Послышалось звяканье меди, вбежали две прежние рабыни с кимвалами[63] в руках.

Смущенно поглядывая друг на друга, девушки начали томный восточный танец. Они медленно кружились, поводили плечами и покачивали бедрами. Но вот флейта засвистела быстрее, и танцовщицы ускорили движения, проносясь то влево, то вправо перед глазами гостей. Разметались пряди распущенных волос, замелькали тонкие руки с гремящими кимвалами…

Кривляясь, как пьяный фавн, Аврелий обнял одну из танцовщиц, к другой, сладко ухмыляясь, приближался Тицид. Девушки ловко скользнули у них из-под рук, швырнули на пол погремушки и выбежали из триклиния.

– Тицид, миленький! – истошно вопил Фурий. – А как же Метелла… то есть, тьфу… Перилла?

– Вот бесстыдники, не дали девчонкам закончить танец, – смеялся Аллий, подмигивая Катону.

– А ведь сегодня ночью в честь праздника Цереры[64] будет разыграна ателлана[65] при факелах! – Юный волокита Аврелий уже забыл о своей неудаче и готовился к дальнейшим забавам.

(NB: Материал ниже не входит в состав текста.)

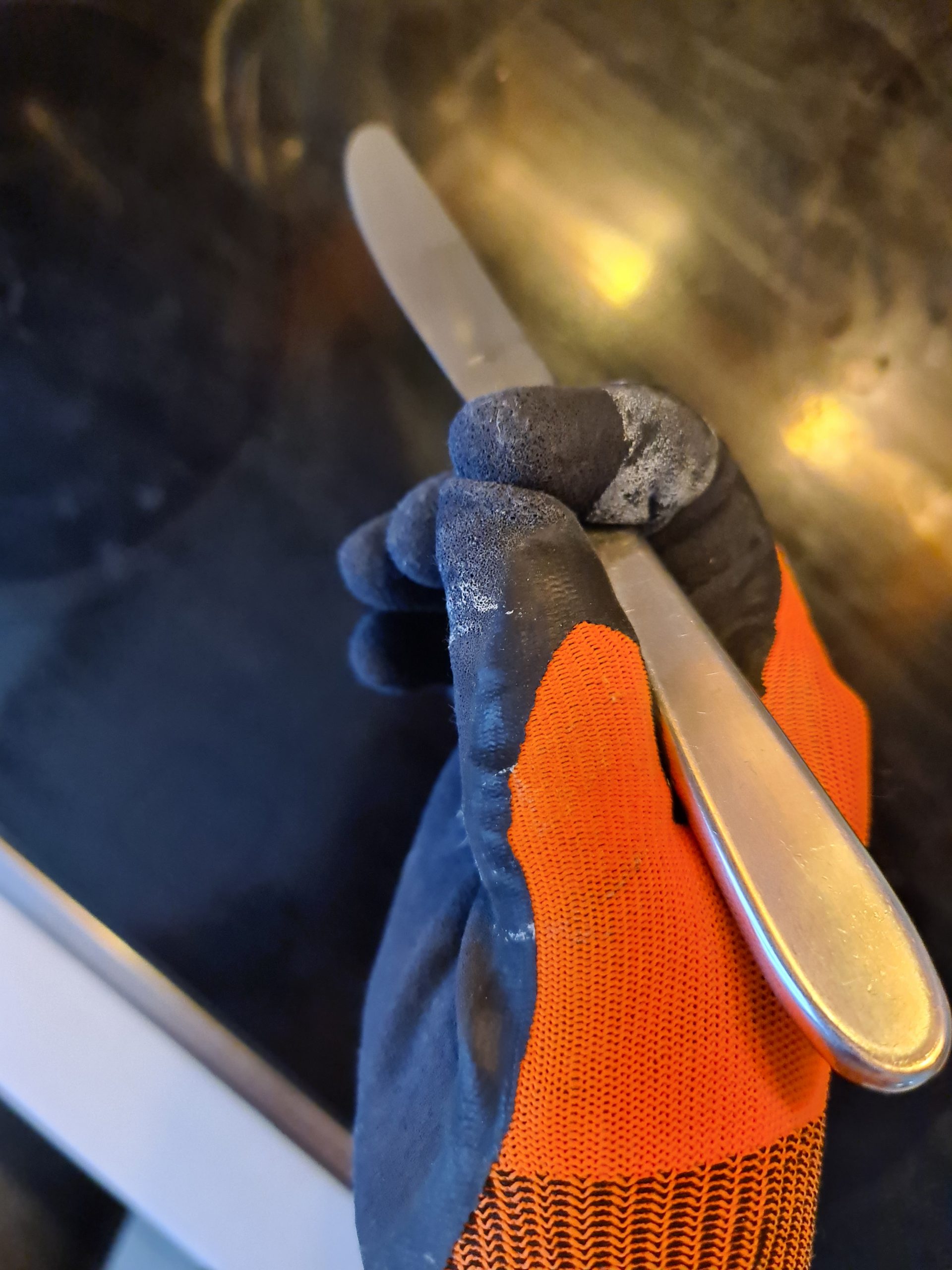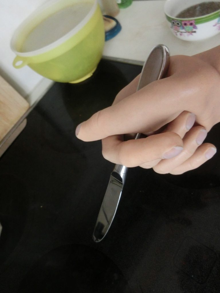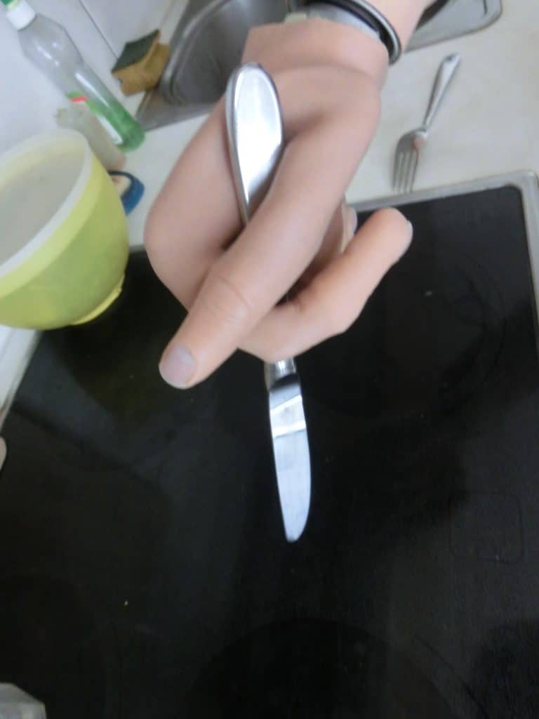 The knife also is placed between thumb/index and either index/middle (as shown here) or middle/ring finger – I do place the utensil there when the hand is more open, then I close the hand to wedge the knife into place.
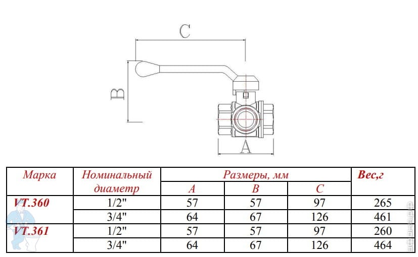 Краны трехходовые VALTEC
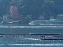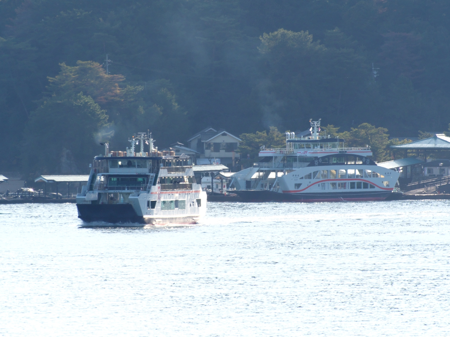 | 帰りのフェリー甲板からの眺め。呉の海上自衛隊の艦船です | 訓練中だったのでしょうか...ビックリする程の急旋回をされました💦 | 瀬戸内海汽船のランチクルーズ船がやって来ました | 広島・宇品港を出港.... 厳島神社前沖で反転後、宮島港に寄港します |
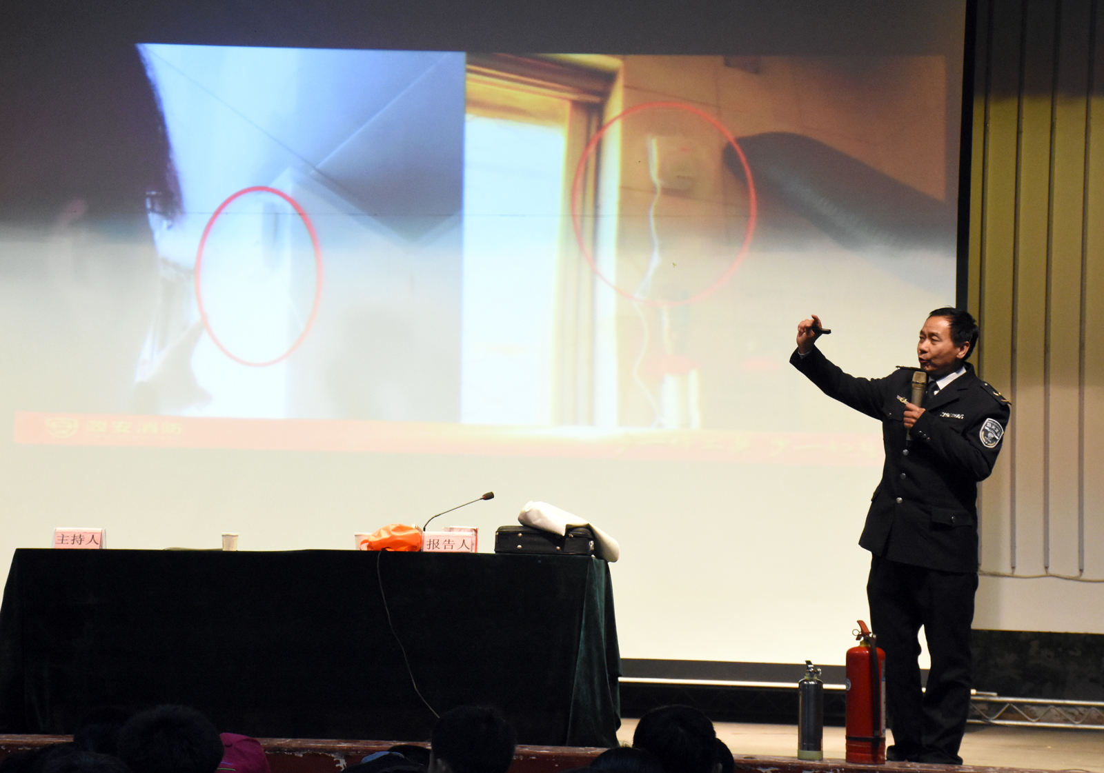 本次讲解的主要内容是消防管理、消防基础知识、高校防火知识及火灾预防、初起火灾扑救、火灾现场自救逃生、家庭防火与逃生的基本常识。宣讲员用诙谐幽默的语言将冷冰冰的火灾案例讲解得绘声绘色,并通过提问的方式与现场师生进行互动,让大家在日常生活中懂得火灾的预防,提醒大家要养成“人走电断”的好习惯。同时,他还向大家讲解了起火逃生的方法、手段并演示了灭火器的使用方法,精彩的讲解让大家受益匪浅,使员工对消防安全有了很高的认识。
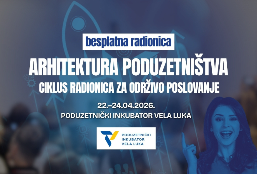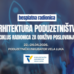 Poduzetnički inkubator Vela Luka poziva vas na ciklus besplatnih radionica “Arhitektura poduzetništva” koje će se održati u Veloj Luci od 22. do 24. travnja 2026.
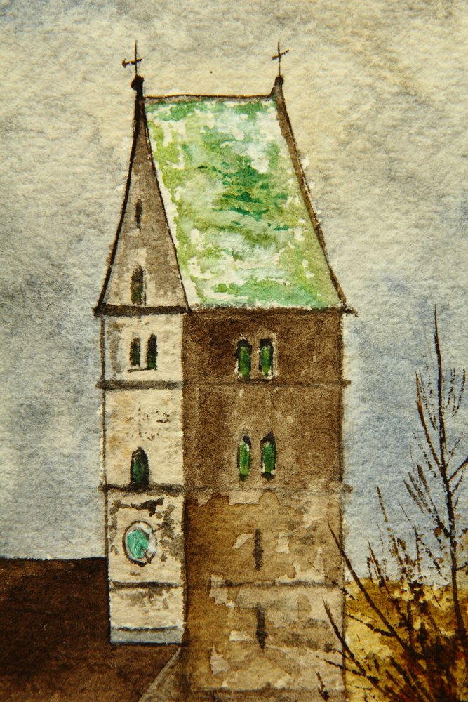 - Beschreibung: Stimmungsvolles Aquarell auf festem Papier. Werk der Amateurkünstlerin Helene Kraft, studierte um 1900 an der Kunstschule Weimar.

– Стоя в толпе черни, любоваться непристойными кривляниями шутов… – пожал плечами Катон.

Внезапно с Катоном горячо заспорил Катулл:

– Ты считаешь ателлану забавой черни? Но разве в ней не отразилась душа наших предков? Любезный Катон, в народном веселье ты почувствуешь животворную силу и хлебнешь едкого италийского уксуса.

– Похвально изучать александрийскую поэзию, прекрасное дело переводить Каллимаха. Но мы ведь пишем и думаем по-латински… – поддержал веронца Лициний Кальв.

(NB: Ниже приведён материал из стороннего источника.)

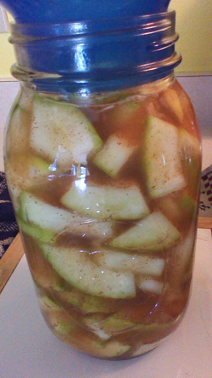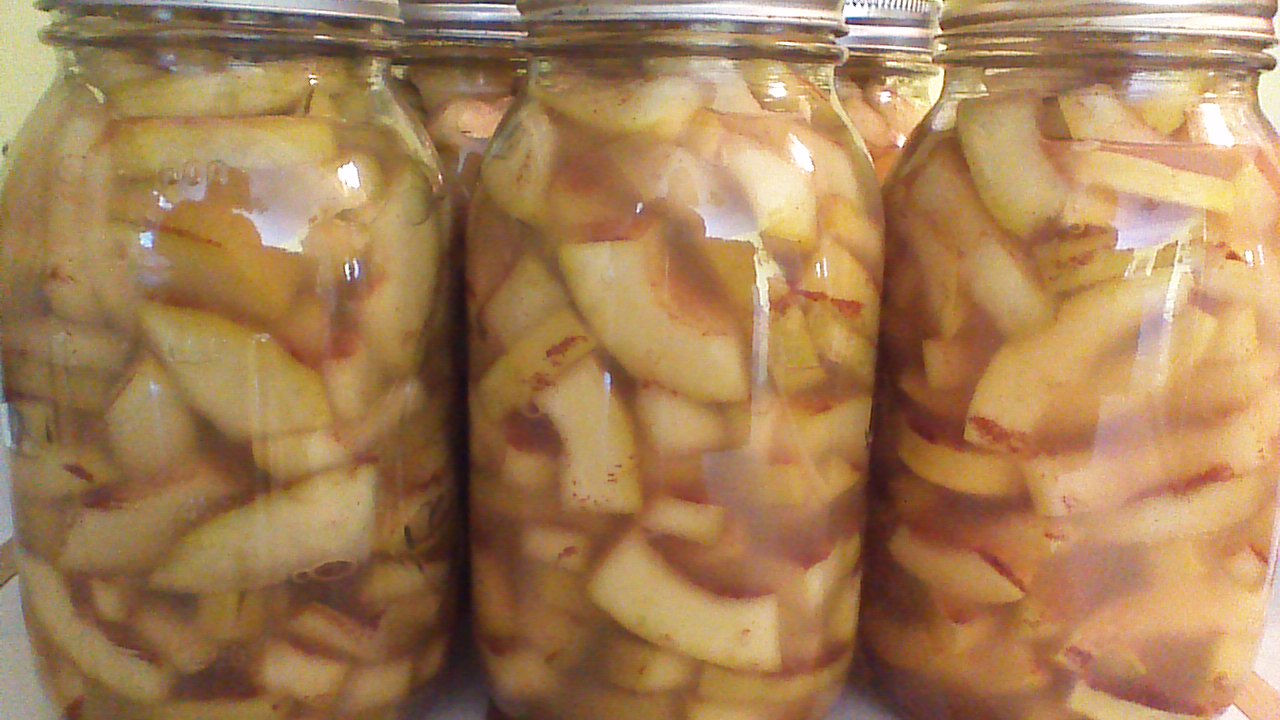 WIN_20160724_120815Option 2) To can your zucchini apples, ladle them hot into sterilized canning jars. Leave 1/2 inch of head space. Seal with lids and bands, and process in a boiling water bath for 15 minutes.

– А моя плебейская душа жаждет уличного лицедейства, тем более после такой отменной попойки, – заявил Вар, оказавшийся в абсолютно здравом уме. – Оставим Акция[66] ученикам грамматических школ. Клянусь Меркурием, моим покровителем, я иду на ателлану!

– Где же она будет разыграна? – спросил Катулл. Он вспомнил, как все мальчишки в Вероне бегали по праздникам смотреть представление грубоватой и веселой комедии с забавным дураком Макком, болтуном Букконом, сплетником Доссеном и похотливым стариком Паппом.

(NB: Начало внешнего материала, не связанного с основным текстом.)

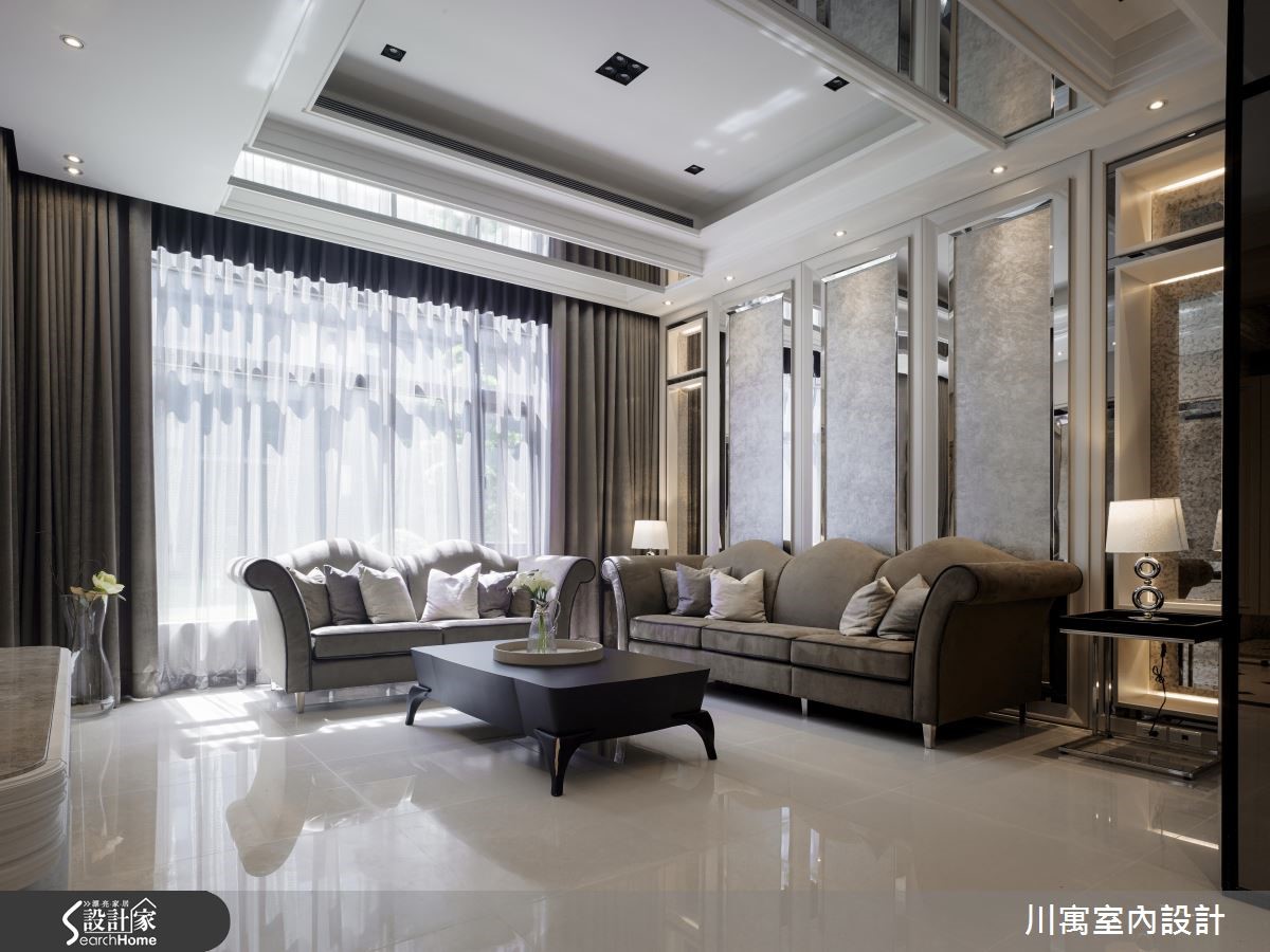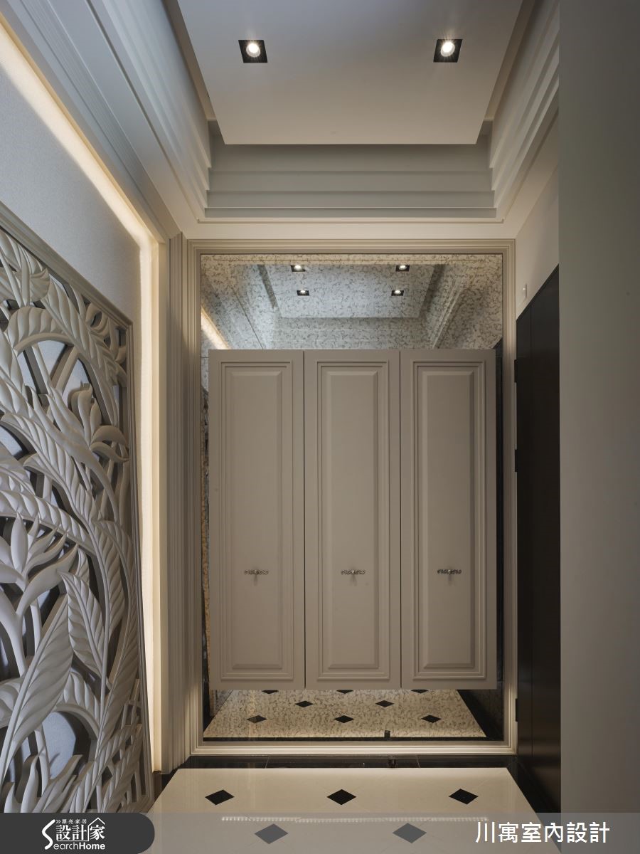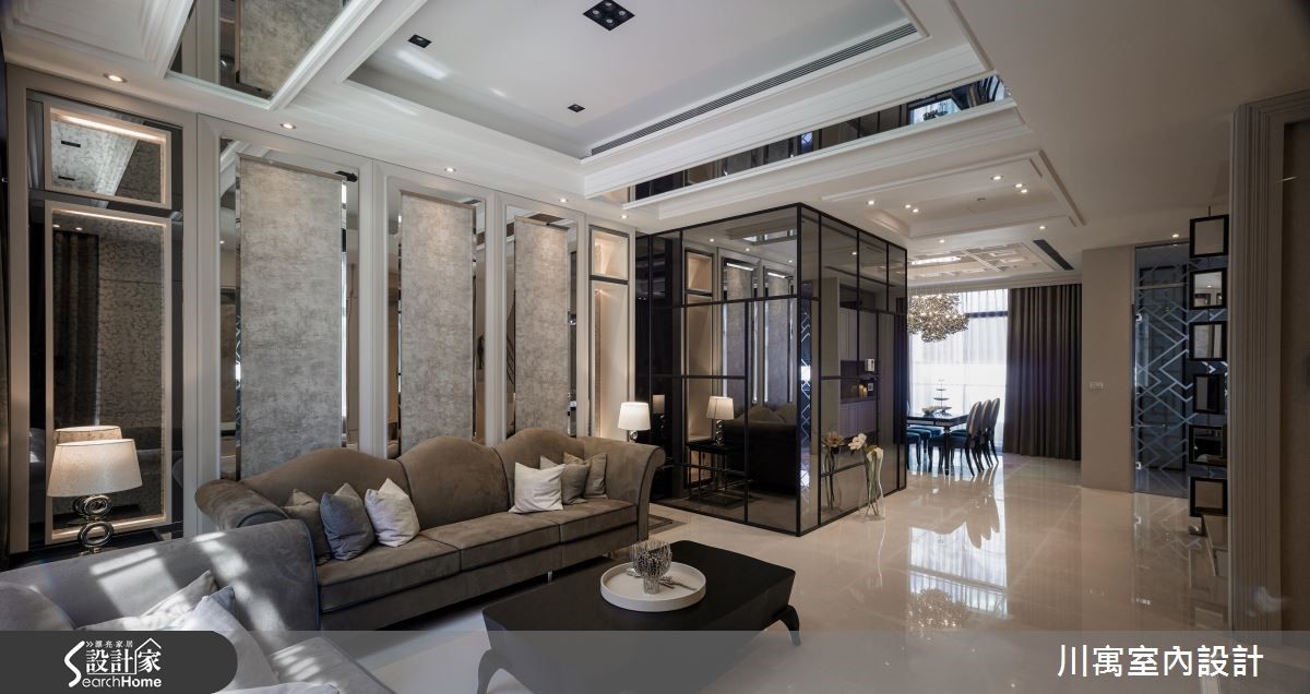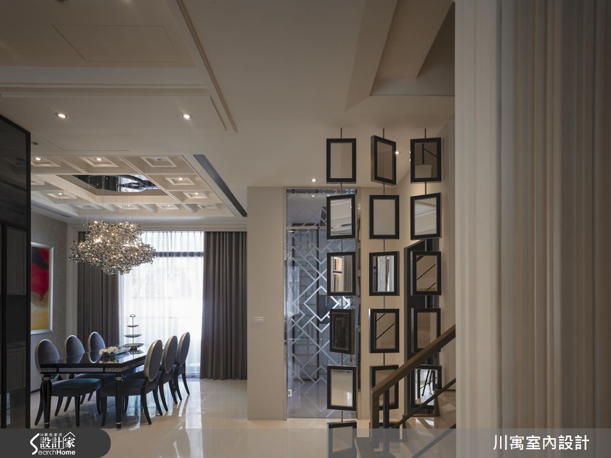 钟情于新古典的华丽质感,又希望能享有明亮温暖的生活气息,因此藉由简约、现代感的线条来描绘室内空间,尽量简化视觉层次,透过镜面与细微的立体堆叠,演绎光影相融的优雅乐章。旋开大门走进玄关,镂空金属质感的叶脉意象打造墙面造型,一旁则以镜面饰底搭以腾空鞋柜,藉由上下天地的持续蔓延,视觉展现放大之效。明亮的太阳光引援并导入整个公领域,烘托简约、优雅的内敛配色,局部以镜面点缀的空间,闪闪发亮的质感传递奢华新意;天花板饰以镜面造型,反射的光源与情境的延伸,展现大气之姿,而藉由大理石来铺叙电视墙,周围导以镜面造型为框,展现动人气势,对面的沙发背墙同样以长型镜面框出造型,相互呼应。餐厅区的壁面以五幅连续主题的画作接龙,渲染的色彩艺术,挹注人文风尚;用餐区的天花板垂挂一盏华丽的水晶灯饰,以细腻与层次感的造型堆叠,替古典的空间传递艺术美学之境,在享用佳肴时都显得格外优雅。小编的最爱让简约、现代感线条作为室内的基底造型,仅透过天花板与柜体门片上的雕琢,些微的层次表情替空间注入动人生命力。

– Идемте в курию Цереры. Там перед храмом поставили подмостки. Начало сразу после первой стражи[67].

– Клянусь всеблагими богами, решение принято! – воскликнул Вар. – Эй, мальчик, еще по чаше тускульского на дорогу!

– Гелланик, – позвал Катон, – возьми Стефана да кулачного бойца Нумерия. Будете нас сопровождать.

Гости покидали триклиний. Поспешив вперед, Гелланик зажег факел – кусок просмоленного каната.

Громко разговаривая и смеясь, поэты вступили в ночную тьму, четко отделенную на гранях домов от сияния зеленоватой майской луны.

VII

На одной из тесных улочек Квиринала, возле дома всадника Стаберия, сидели трое мужчин в заплатанных туниках. Черпачками, сделанными из хлебной корки, они ели густую ячменную похлебку – пульту. Стена сада нагрелась от весеннего солнца, припекало и ступеньку, на которой они расположились. Но трое жевали размеренно, посапывая и вытирая кулаками вспотевшие лбы, как едят крестьяне, относящиеся к пище почти молитвенно.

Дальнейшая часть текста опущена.